* [Exercise requirements]:
Give back the entries that follow exactly as written. Any picture gets left out.

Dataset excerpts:
[Start of Attachment]

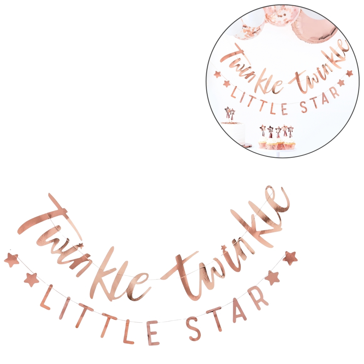 Deze feestelijke letterslinger uit de Twinkle Twinkle-serie van Ginger Ray is perfect voor een babyshower of geboorteviering. De tekst "Twinkle Twinkle, little star" is uitgevoerd in een opvallende metallic rosé goudkleurige folie, wat zorgt voor een stijlvolle en warme uitstraling. De totale lengte bedraagt 3 meter, verdeeld over twee delen van elk 1,5 meter. Dankzij het lichte materiaal is de slinger eenvoudig op te hangen.
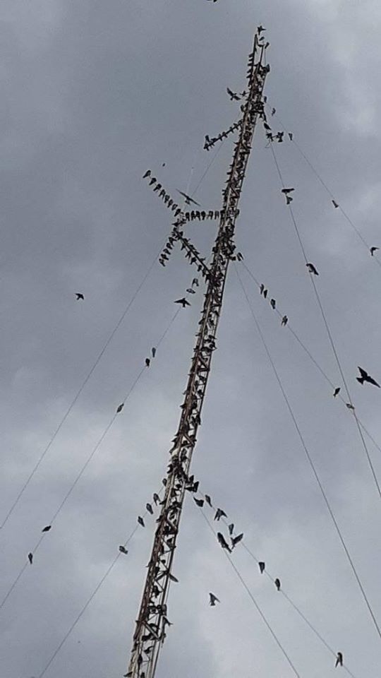 Uma cena impressionante e muito bonita de se ver foi registrada na última terça-feira, 20, na torre da Rádio Água Branca FM, no centro da cidade. O registro foi feito por Valter Firmino, que fotografou centenas de aves da espécie andorinha que frequentavam o local.
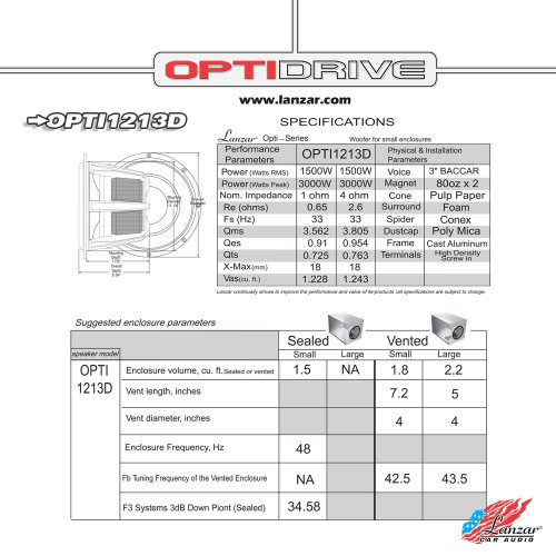 Lanzar OPTI1213D OptiDrive 12-Inch Die-Cast Aluminum Alloy Cone Dual Voice Coil 1.3 Ohm Subwoofer
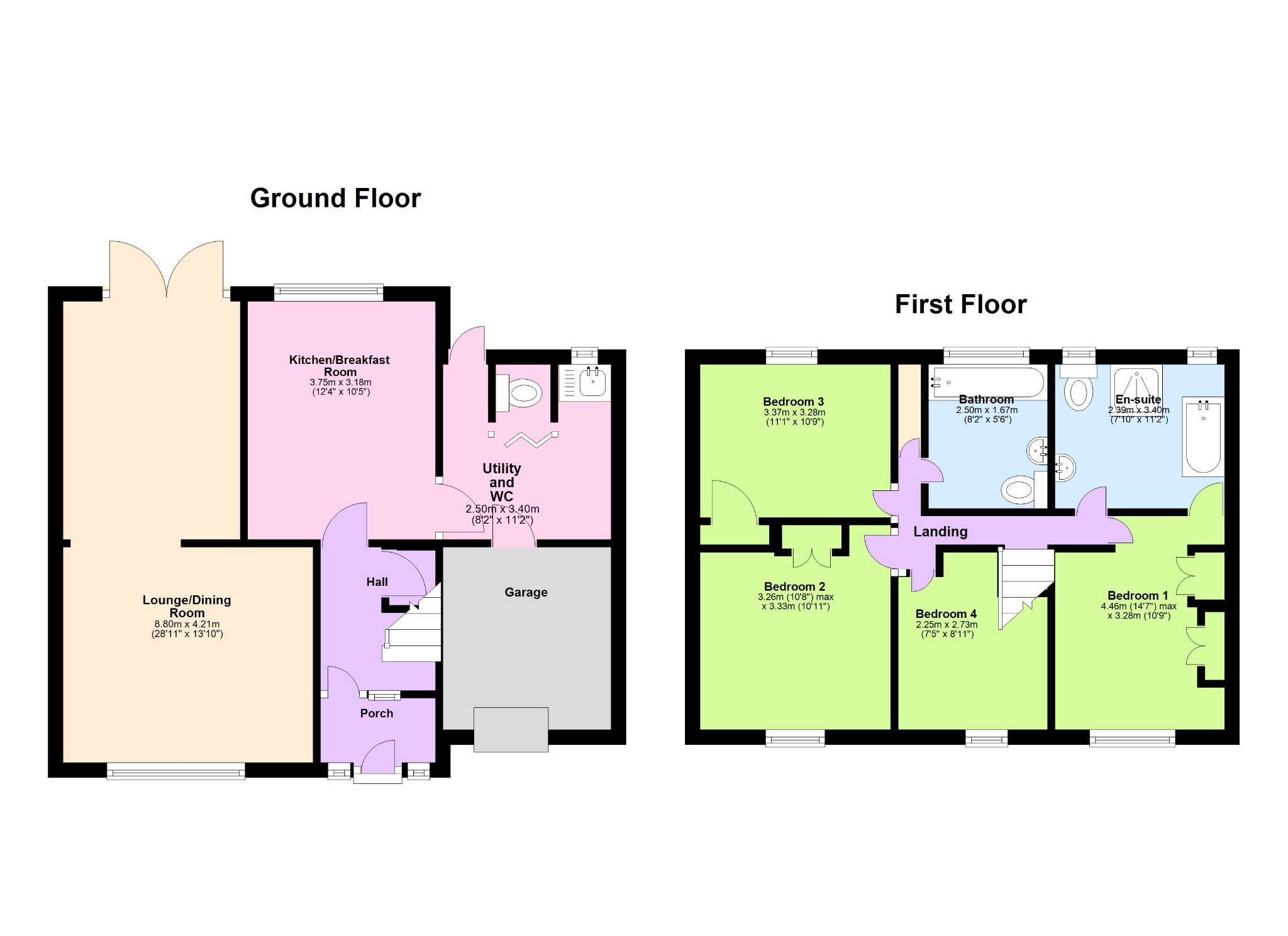 Two further double bedrooms, both with fitted wardrobes, and a good-sized single bedroom are served by the family bathroom.
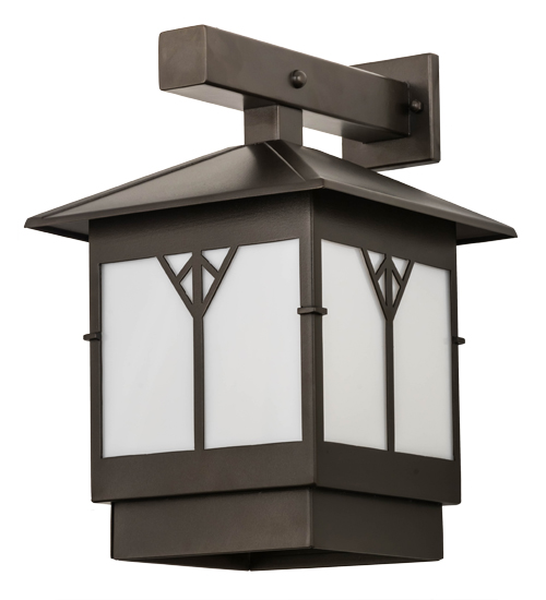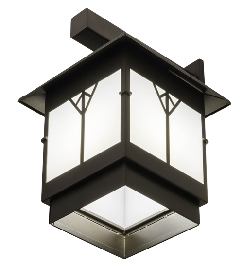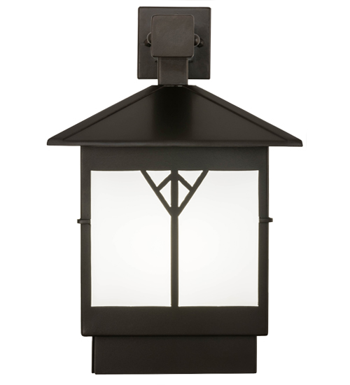 A bold and distinctive design comes to light with hints of Mission styling, perfect illumination and styling for the interiors and exteriors in homes, retailers, restaurants and other commercial settings. Dramatic geometric styling is featured on a Statuario Idalight diffuser which is incorporated into this Bronze powdercoat finished sconce. Beautiful ambient illumination projects from a customer supplied 20 watt, medium base LED A19 lamp. Handcrafted in the USA, this indoor/outdoor fixture is available in custom sizes, styles, colors and dimmable lamping options. UL and cUL listed for dry, damp and wet locations.
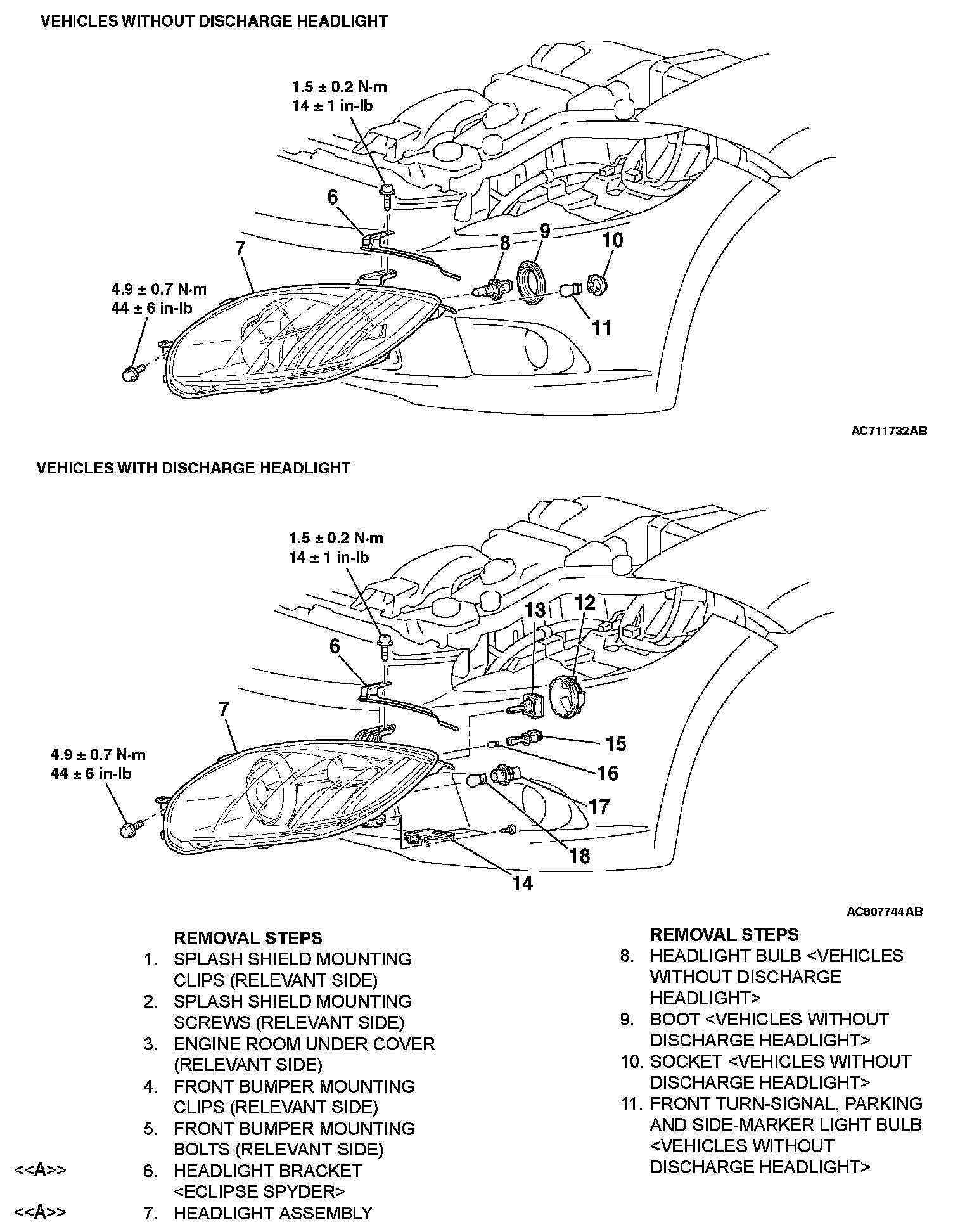 Remove the headlight bracket [ECLIPSE SPYDER] and the headlight assembly with the applicable side of the front bumper slid downward slightly.
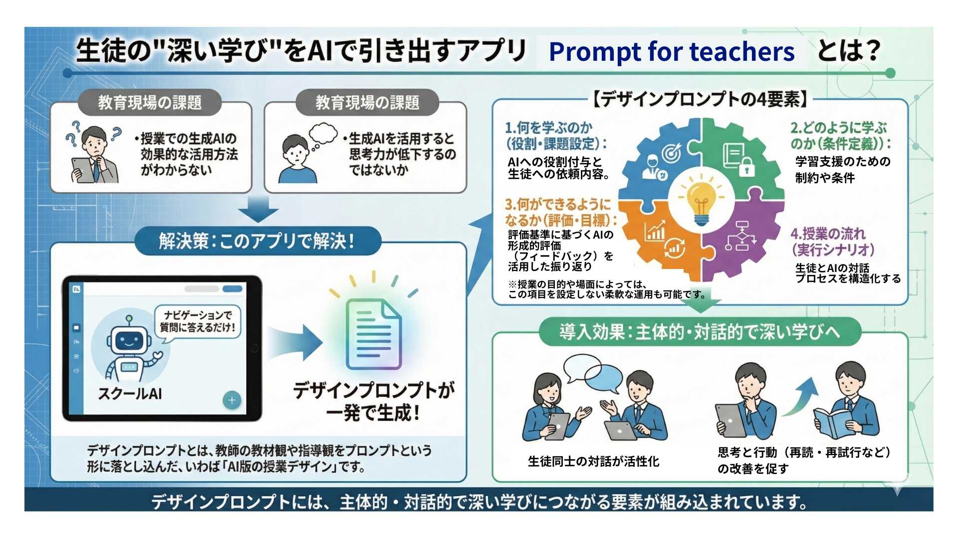 「Prompt for teachers」は、教員が授業デザインを考える際に行ってきた思考の整理・言語化・構造化を、スクールAIが伴走しながら代わりに担うアプリ。
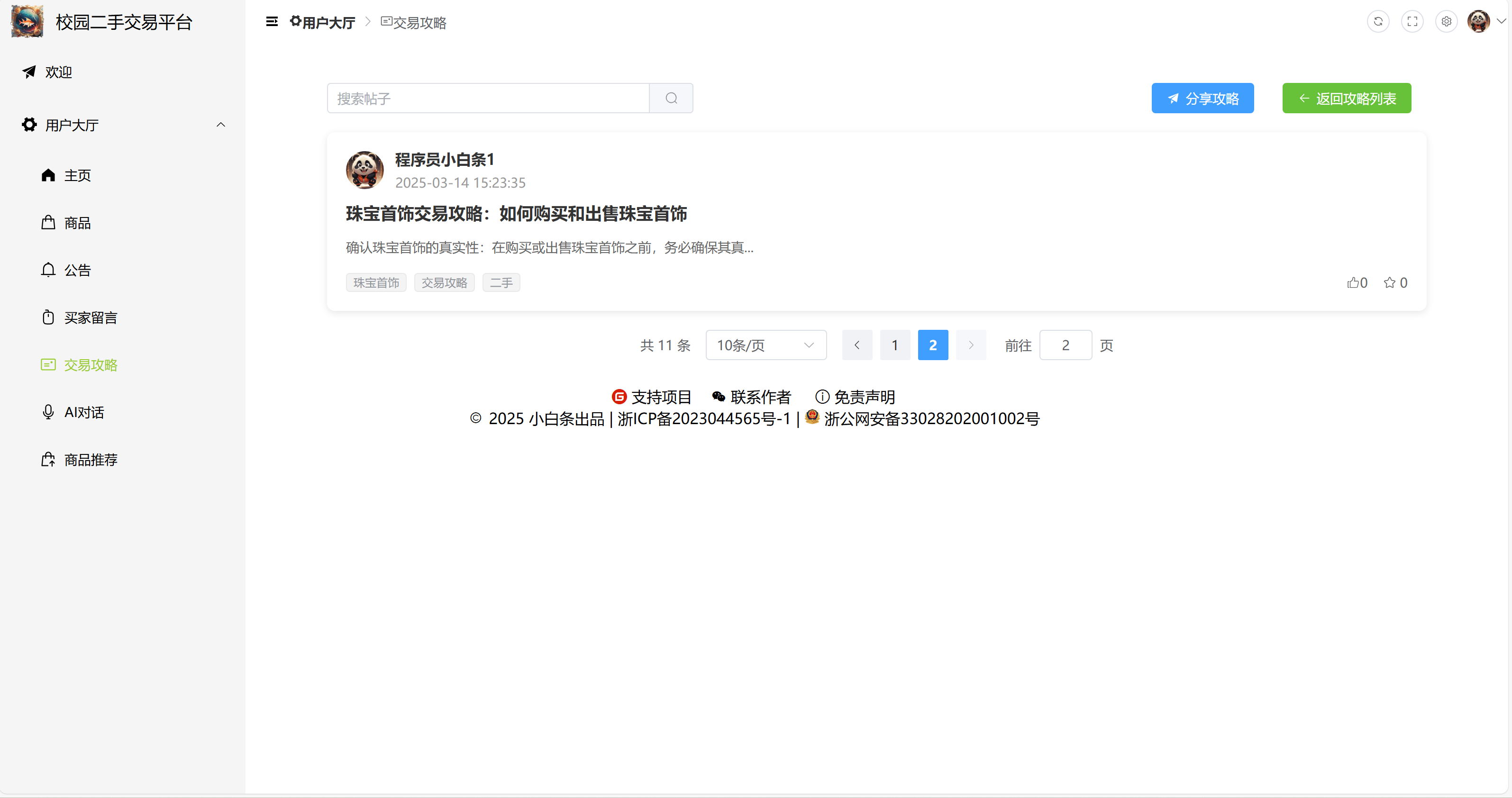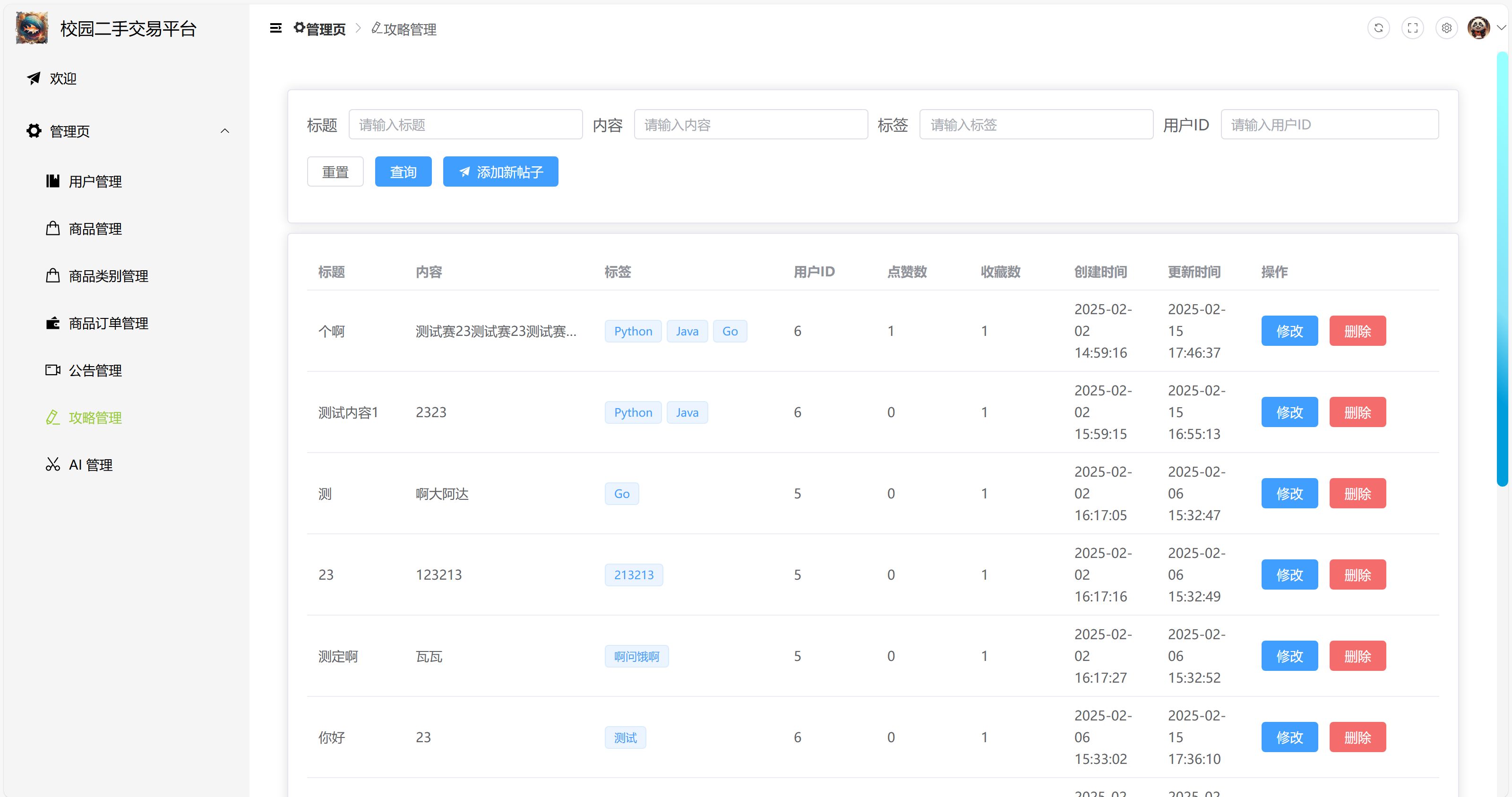 3)二手商品攻略管理:添加新攻略、修改攻略、删除攻略,支持分页和模糊查询(帖子标题、内容、标签、用户 ID)。

[End of Attachment]

* [Response area]:
 Deze feestelijke letterslinger uit de Twinkle Twinkle-serie van Ginger Ray is perfect voor een babyshower of geboorteviering. De tekst "Twinkle Twinkle, little star" is uitgevoerd in een opvallende metallic rosé goudkleurige folie, wat zorgt voor een stijlvolle en warme uitstraling. De totale lengte bedraagt 3 meter, verdeeld over twee delen van elk 1,5 meter. Dankzij het lichte materiaal is de slinger eenvoudig op te hangen.
 Uma cena impressionante e muito bonita de se ver foi registrada na última terça-feira, 20, na torre da Rádio Água Branca FM, no centro da cidade. O registro foi feito por Valter Firmino, que fotografou centenas de aves da espécie andorinha que frequentavam o local.
 Lanzar OPTI1213D OptiDrive 12-Inch Die-Cast Aluminum Alloy Cone Dual Voice Coil 1.3 Ohm Subwoofer
 Two further double bedrooms, both with fitted wardrobes, and a good-sized single bedroom are served by the family bathroom.
 A bold and distinctive design comes to light with hints of Mission styling, perfect illumination and styling for the interiors and exteriors in homes, retailers, restaurants and other commercial settings. Dramatic geometric styling is featured on a Statuario Idalight diffuser which is incorporated into this Bronze powdercoat finished sconce. Beautiful ambient illumination projects from a customer supplied 20 watt, medium base LED A19 lamp. Handcrafted in the USA, this indoor/outdoor fixture is available in custom sizes, styles, colors and dimmable lamping options. UL and cUL listed for dry, damp and wet locations.
 Remove the headlight bracket [ECLIPSE SPYDER] and the headlight assembly with the applicable side of the front bumper slid downward slightly.
 「Prompt for teachers」は、教員が授業デザインを考える際に行ってきた思考の整理・言語化・構造化を、スクールAIが伴走しながら代わりに担うアプリ。
 3)二手商品攻略管理:添加新攻略、修改攻略、删除攻略,支持分页和模糊查询(帖子标题、内容、标签、用户 ID)。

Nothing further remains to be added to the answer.